Must children alter their lives to accommodate their parents’ needs and schedules or do parents adjust theirs to meet the needs of their children? Perhaps it’s a natural shift that parents make. We no longer want or need to stay out late every weekend or do what we did when we were single. But what happens when one parent is stuck in the mindset of not budging? I’ve been pondering this a lot lately. Since the birth of my son six and a half years ago, I have heard different viewpoints from so many people, including relatives and in-laws. Some say it’s crucial to stick to a schedule and make sure your children always get enough sleep. Others say: “I’m not changing my life one bit. I’ll keep doing what I’ve always done and if I can’t get a sitter, my children will just tag along with me.”
Now let me say this up front—I don’t think there is a conclusively right or wrong approach. Perhaps the danger is when one approach is too strictly adhered to? I have friends who have never, ever had a date since their children were born. Seriously, in six years, they have never hired a sitter. Yes, their children are always in bed by 7:30 p.m., but really, at what price?
And then, I have seen the exact opposite. When living in Manhattan, I remember how strange it was to see a woman breastfeeding a small baby at a huge Soho loft party where the dance music was excruciating loud. I was in my mid-twenties then, but I recall thinking, “wow, that’s a really odd scene” when I looked across the room and saw one woman breastfeeding and at the other end of the room, a couple was grinding out a nasty dance on the dance floor.
Now that my husband and I live in London and travel a lot, we are exposed to many parenting philosophies. The French and Spanish tend to let their children stay up very late. This is just the culture and even most restaurants don’t open up for dinner until after 9 p.m. But I often wonder how these children get enough sleep as schools still start fairly early.

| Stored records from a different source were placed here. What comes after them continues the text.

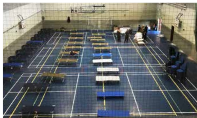
Cavan Rest Centre Set Up
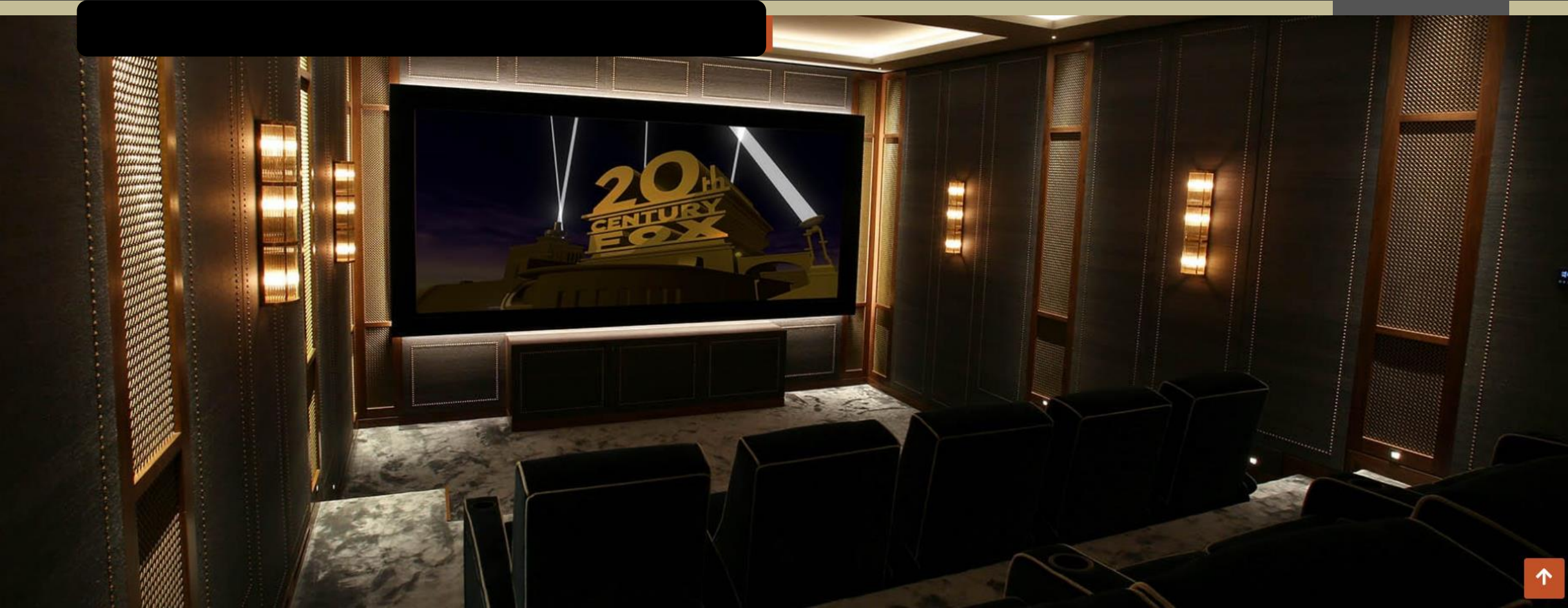
Design #41 - Ideal for Mid/Large sized rooms with 8-14 seating
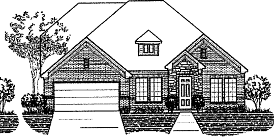
ELEVATION 'A' - STONE
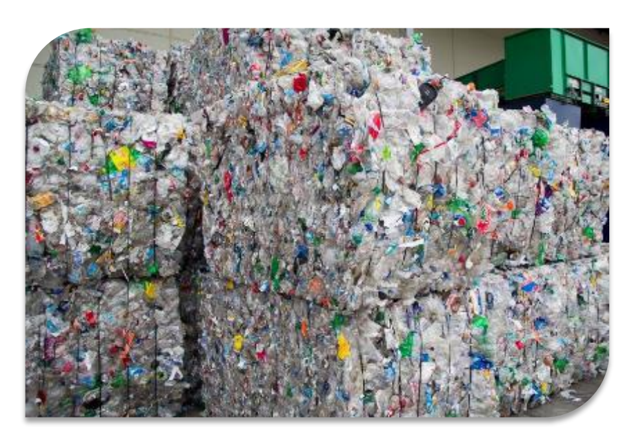
PET #1 Bales
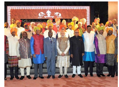
At dinner hosted by Prime Minister
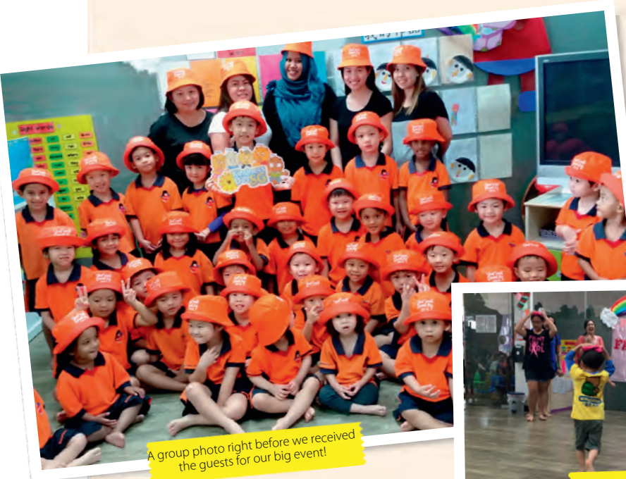
A group photo right before we received the guests for our big event!
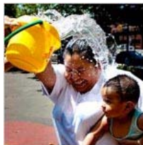
No Matter How You Cut It, a July That's Too Hot
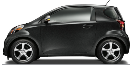
Magnetic Gray Metallic
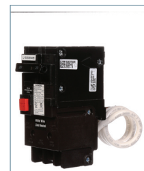
2-Pole Equipment Protection
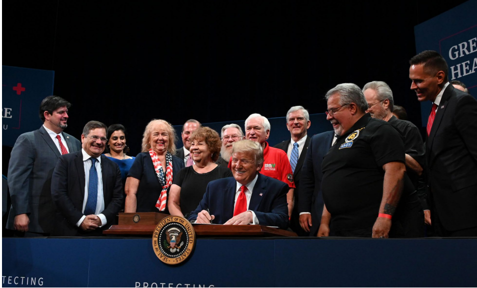
HHS Secretary Alex Azar, CMS Administrator Seema Verma, and others look on as President Trump signs an Executive Order on Protecting and Improving Medicare for Our Nation's Seniors

New virtual care coverage: In Medicare and Medicare Advantage, doctors can now receive compensation for a much broader range of services delivered virtually, like phone or video check-ins.
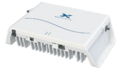
CEL-FI GO G51

Bringing the power of the macro 5G network indoors, CEL-FI GO G51 solves coverage challenges for the shorter range of mid-band 5G NR. The system delivers industry-leading signal gain up to 100 dB to overcome mid-band 5G NR coverage challenges that no other solution can. In addition to unmatched performance, GO G51 is compact, easy to use, and does not require manual configuration, making it easier than ever before for building owners to equip their buildings with 5G connectivity and ensure better voice quality, 5G data speeds, and fewer dropped calls. GO G51 is perfect for small- to medium-sized buildings, operator-approved, unconditionally network safe, and offers the flexibility to support various 2G/3G/4G and 5G cellular networks.
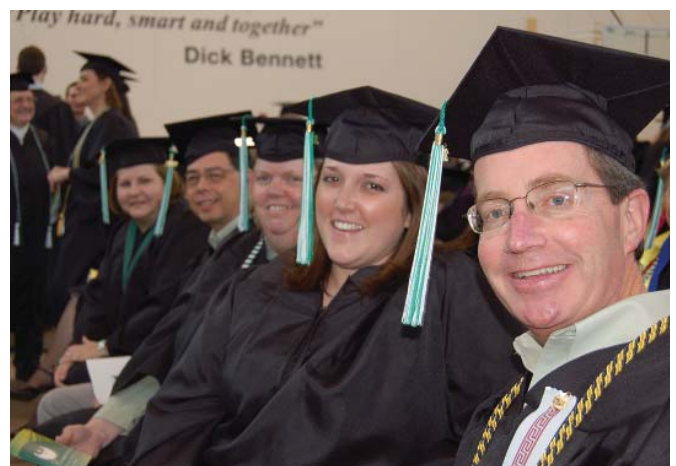
Soon-to-be ADP grads wait for commencement.
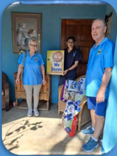
The Lions of Scottburgh do not forget their furry friends with 32 kgs of dog food and 7 kg of cat food delivered on 26 August, to Amanzimtoti SPCA on 26 August.
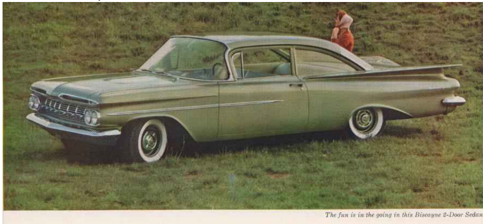
The fun is in the going in this Biscayne 2-Door Sedan.

In 1959, Chevrolet dropped the Delray nameplate, and the Biscayne became the new low-price model. The Bel Air series, which had been the top of the line nameplate since 1953, was now the middle-range series, and the Impala, which had been a sub-series in the Bel Air line in 1958, was now the top of the line model for Chevrolet.
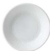
GIO DISH 8CM/3.1IN
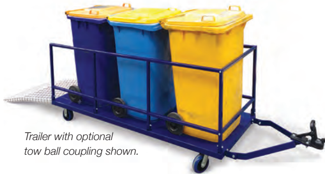
Trailer with optional tow ball coupling shown.
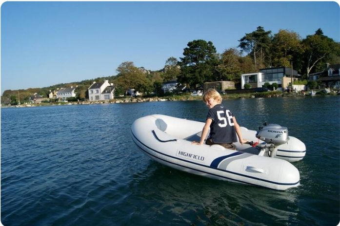
Highfield UL 240 aluminium RIB - on the water
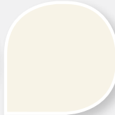
Warm Pure Silk 16, 25, 50mm
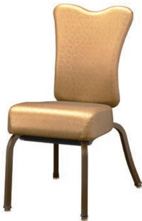
SLA-101 Shown without Hand Grip
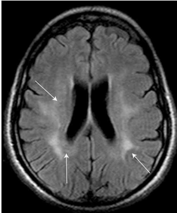
FIG. 1. FLAIR-enhanced image showing confluent lesions seen in some HTLV-I-infected patients (arrows indicate lesions, which extend from periventricular to subcortical locations).

found a high rate of WM lesions in carriers. The distribution and quantity of WM lesions were not different between groups. No correlations with clinical findings, including EDSS or OMDS scores, were found.
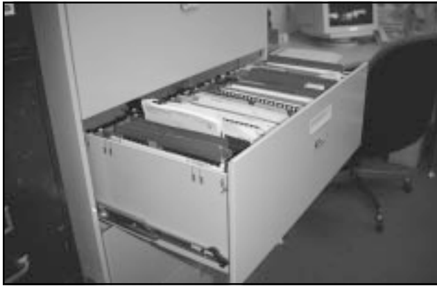
Figure 10. Records are housed in a lateral filing cabinet.

in marker and pencil, and the drawer is labeled with a typed paper label inserted into a plastic slot.
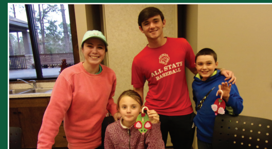
Bobcat Buddies Final Fall Session
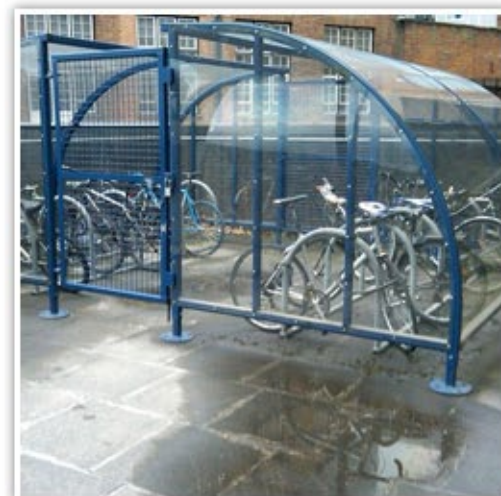
BDS 20 space enclosure & toaster
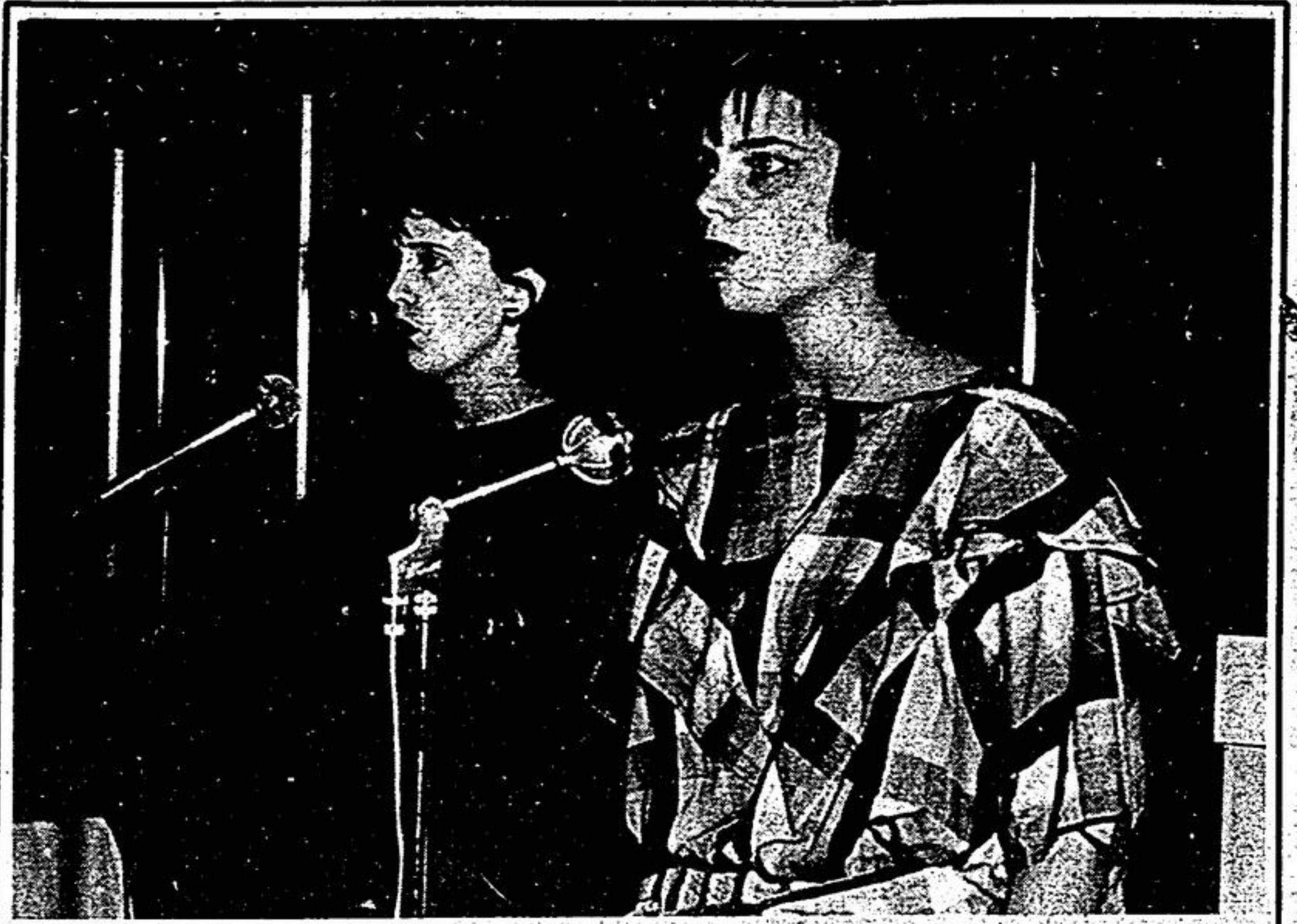
Sisters sing at Latcham Gallery party

Also included in the program is a 'Community Carol Sing-a-long' with the High School Concert Band.

Last weekend, my son and I tagged along with Jay to Paris as he had to work there on Monday. We ended up getting a sitter for Saturday night and as Jay and I sat outside at a bistro sipping drinks at 11 p.m., we watched two very young children ride their scooters past us. C’est la vie. After five years of going to France, we know that now. But it was really painful visiting when my son was younger and we were less wise. When my son was barely one, we went to southern France and had to navigate late restaurant dinners and very long days filled with sight seeing without any help. Having to tell my in-laws that I needed to go home so my baby could nap did NOT go over well. In fact, it seemed like I was being a bad mother for wanting to do so.